Fucking Toriyama ruining the FNC Mythology by that games fucking horrible ending 

Etro could have been used much better in Versus than XIII-2


----------



## Krory (Mar 1, 2012)

Didn't you guys hear?

It was cancelled.


----------



## Noctis Lucis Caelum (Mar 1, 2012)

Krory said:


> Didn't you guys hear?
> 
> It was cancelled.



Only in your ideal world Krory, only in your ideal world.


----------



## Esura (Mar 1, 2012)

I hated the ending prior to playing the game but the ending of FFXIII-2 isn't so bad after playing the game in it's entirety, the "to be continued" bit notwithstanding.

The ending was foreshadowed quite a bit throughout the game and...Serah and Noel had that shit coming.
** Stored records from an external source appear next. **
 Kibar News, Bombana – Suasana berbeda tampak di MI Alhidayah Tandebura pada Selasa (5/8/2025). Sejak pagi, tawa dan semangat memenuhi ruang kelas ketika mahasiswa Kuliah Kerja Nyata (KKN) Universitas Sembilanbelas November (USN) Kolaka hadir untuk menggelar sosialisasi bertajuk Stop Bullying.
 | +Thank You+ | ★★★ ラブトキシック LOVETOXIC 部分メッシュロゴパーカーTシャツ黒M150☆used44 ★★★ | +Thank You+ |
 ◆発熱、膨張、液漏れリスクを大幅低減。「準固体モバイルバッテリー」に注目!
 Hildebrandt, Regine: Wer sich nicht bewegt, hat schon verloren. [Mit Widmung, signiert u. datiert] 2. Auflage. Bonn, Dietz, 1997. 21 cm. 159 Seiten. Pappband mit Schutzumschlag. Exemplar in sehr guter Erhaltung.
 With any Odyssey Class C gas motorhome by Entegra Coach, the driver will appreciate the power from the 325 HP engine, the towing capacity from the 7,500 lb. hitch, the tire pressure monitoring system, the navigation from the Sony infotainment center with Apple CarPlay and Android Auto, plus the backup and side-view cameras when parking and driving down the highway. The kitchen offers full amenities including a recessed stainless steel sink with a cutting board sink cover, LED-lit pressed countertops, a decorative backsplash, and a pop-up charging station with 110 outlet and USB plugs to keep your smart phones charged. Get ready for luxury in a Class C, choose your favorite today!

Also, Noctis, if you followed the FNC mythology the final bit of the ending is oddly similar to events that happened in the mythology, particularly Lightning on the throne.
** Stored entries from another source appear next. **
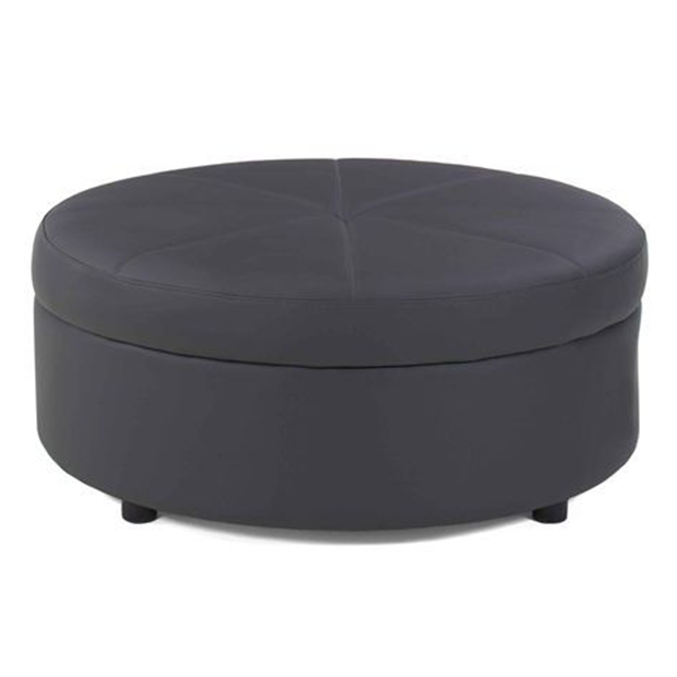 Sleek contemporary style round ottoman in gunmetal grey vinyl with clean lines.
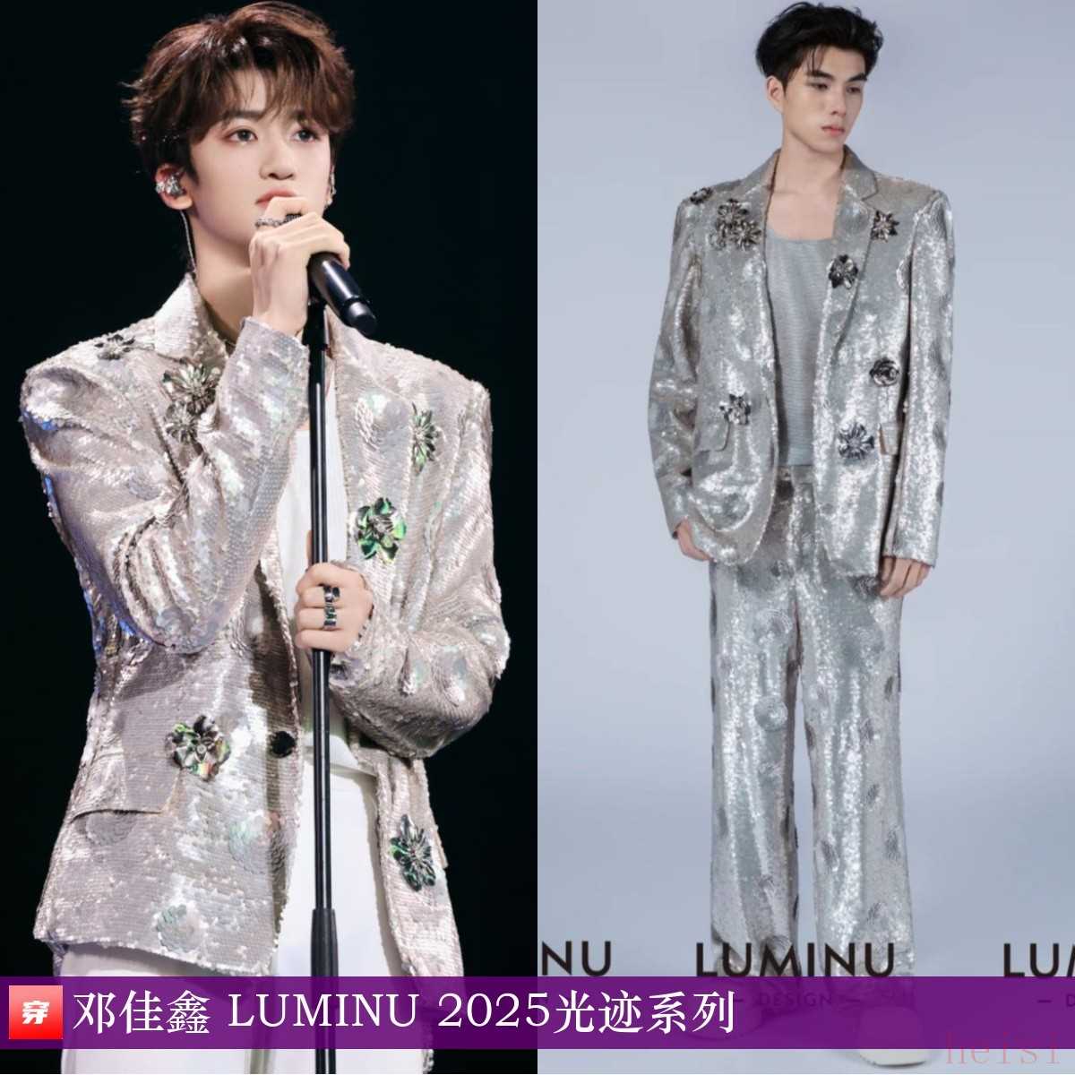 邓佳鑫,2025年8月1日,TFING「WONDERLAND梦·始」演唱会。立体花朵装饰银色亮片西装:LUMINU 2025光迹系列。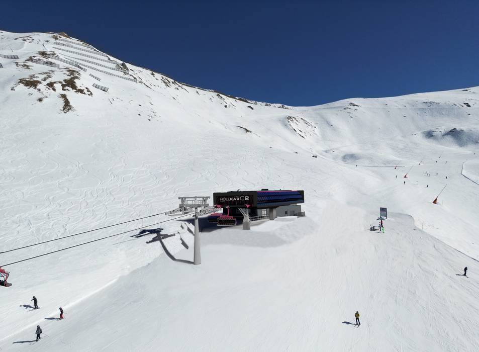 Die neue Höllkarbahn ersetzt die 6er-Sesselbahn Höllkar auf gleicher Strecke. Die moderne, komfortable und leistungstarke Bahn ist mit der hochmodernen Ein- und Ausstiegsüberwachung (AURO: Autonomous Ropeway Operation) von Doppelmayr ausgestattet. Photovoltaikanlagen auf den Dachflächen der Liftstationen sorgen für nachhaltige Energiegewinnung.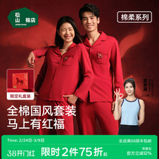 悦内半边绒睡衣女款冬季秋冬加厚珊瑚绒保暖家居服红色本命年马年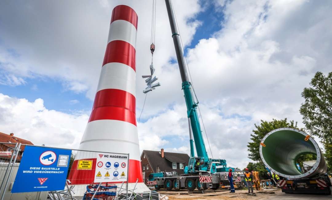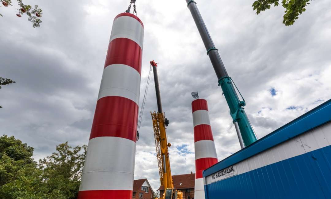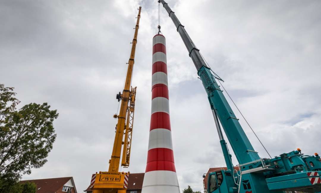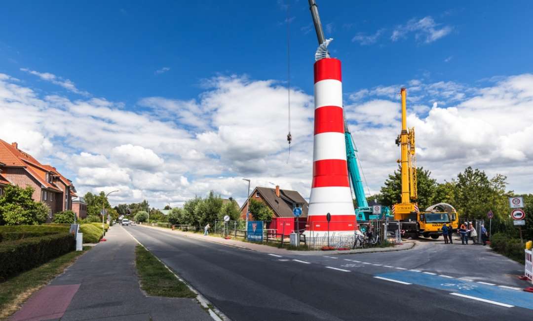 In Glückstadt werden in dieser und in der kommenden Woche die Turmstücke der sogenannten Richtfeuerlinie Glückstadt, bestehend aus Ober- und Unterfeuer, montiert. Die beiden neuen Türme wurden vom Wasserstraßen- und Schifffahrtsamt Hamburg beauftragt. Sie dienen der Schifffahrt auf der Elbe zur Orientierung und sehen optisch wie Leuchttürme aus. Die beiden neuen Richtfeuer ersetzen die in die Jahre gekommenen alten Türme, haben eine Höhe von 43,72m (Oberfeuer) und 22,15m (Unterfeuer) und überragen die alten Türme um 10 bzw. 7 Meter.
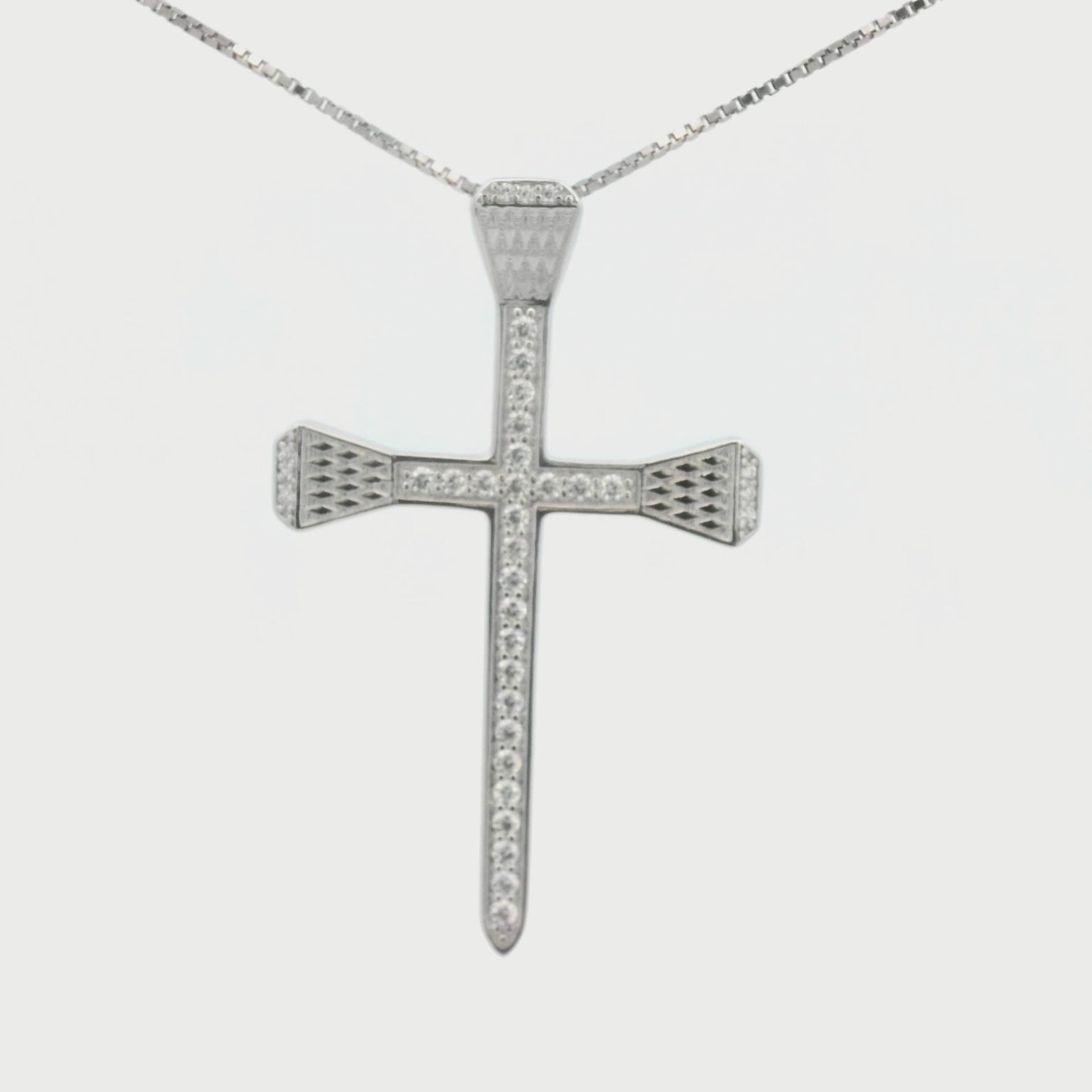 Kelly Herd Pavé Horseshoe Nail Cross Necklace - Sterling Silver

So yeah, I'm actually a bit hyped for a FFXIII-3 or DLC conclusion that shed more light on the last bit of the ending (like the Lightning DLC).


----------



## BlueSnow94 (Mar 1, 2012)

Noctis Lucis Caelum said:


> Why are you quoting something posted more than a year ago?
> 
> /facepalm



I thought everyone overlooked this news because I couldn't find it in the other posts.


----------



## Fraust (Mar 1, 2012)

It's not news, though.


----------



## BlueSnow94 (Mar 1, 2012)

Fraust said:


> It's not news, though.



It is, if you consider that it could affect the gameplay.


----------



## Akira Kurusu (Mar 1, 2012)

Krory said:


> Didn't you guys hear?
> 
> It was cancelled.



Hey i read that off of Gamespot too bro, sadily even a 7 year old knew it was full of shit.


----------



## Fraust (Mar 1, 2012)

It's not, considering that 1. it can't affect any form of gameplay and 2. it's not new.


----------



## BlueSnow94 (Mar 1, 2012)

Fraust said:


> It's not, considering that 1. it can't affect any form of gameplay and 2. it's not new.
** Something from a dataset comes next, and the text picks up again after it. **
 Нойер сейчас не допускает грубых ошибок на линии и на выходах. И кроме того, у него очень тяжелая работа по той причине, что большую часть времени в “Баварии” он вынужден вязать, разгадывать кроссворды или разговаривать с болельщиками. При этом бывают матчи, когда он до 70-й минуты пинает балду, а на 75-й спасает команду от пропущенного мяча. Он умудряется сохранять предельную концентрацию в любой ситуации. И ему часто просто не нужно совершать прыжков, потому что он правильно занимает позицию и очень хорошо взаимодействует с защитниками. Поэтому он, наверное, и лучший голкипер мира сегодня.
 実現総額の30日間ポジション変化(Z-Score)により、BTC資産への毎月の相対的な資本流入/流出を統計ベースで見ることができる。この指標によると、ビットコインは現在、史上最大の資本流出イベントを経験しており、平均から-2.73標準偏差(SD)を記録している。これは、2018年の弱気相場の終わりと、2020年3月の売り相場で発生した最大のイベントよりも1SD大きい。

It does affect the gameplay if the developers have to make the game more linear or cut out locations. I know it's not new, just thought it wasn't posted here.


----------



## Fraust (Mar 1, 2012)

You fail to realize the ignorance in thinking of the concept of "cutting out" stuff for the game.

Let me spell it out. Nomura loves the game, he'll make it ten discs for the 360 if he has to in order to keep everything. Also, if it comes out for the 360 it will most likely be a port in the future, therefore not a single thing will affect the game. Also, making the game more linear? That has absolutely nothing to do with what system a game is on.


----------



## BlueSnow94 (Mar 1, 2012)

Fraust said:


> You fail to realize the ignorance in thinking of the concept of "cutting out" stuff for the game.
> 
> Let me spell it out. Nomura loves the game, he'll make it ten discs for the 360 if he has to in order to keep everything. Also, if it comes out for the 360 it will most likely be a port in the future, therefore not a single thing will affect the game. Also, making the game more linear? That has absolutely nothing to do with what system a game is on.



I can understand if its a port. If the game is more linear it takes less disk space.


----------



## Fraust (Mar 1, 2012)

Which, like I said, he won't care about. You act as if XIII wasn't three discs on the 360 (and if you even try to pull a bullshit "they cut out stuff" I will rape your post).


----------



## Gnome (Mar 1, 2012)

BlueSnow94 said:


> I can understand if its a port. If the game is more linear it takes less disk space.



Disc space in a game is mainly taken up by audio and video. Look at Skyrim, 4gb install.


----------



## Little Neko (Mar 2, 2012)

^ Portal 2 set... you monster.


----------



## Gnome (Mar 2, 2012)

That's right, iMonster.


----------



## Akira Kurusu (Mar 2, 2012)

Who gives a fuck, XIII-2 should've been scrapped whle giving Versus III more attention.


----------



## zenieth (Mar 2, 2012)

you know this game has a lot going against it?

1. Production(lol7years) just started last year.
2. They're working on an entirely new engine (All that old shit we saw means fuck and all)
3. Nomura's a hack storywriter.


----------



## Esura (Mar 2, 2012)

Asakuna no Senju said:


> Who gives a fuck, XIII-2 should've been scrapped whle giving Versus XIII more attention.


Should of, could of, but didn't. I'm glad XIII-2 wasn't scrapped.

Now I need Versus XIII either scrapped or release so Nomura can get on that KHIII dammit.


----------



## CrazyMoronX (Mar 2, 2012)

This game is gonna die in obscurity.


----------



## Fraust (Mar 2, 2012)

Esura said:


> Should of, could of, but didn't. I'm glad XIII-2 wasn't scrapped.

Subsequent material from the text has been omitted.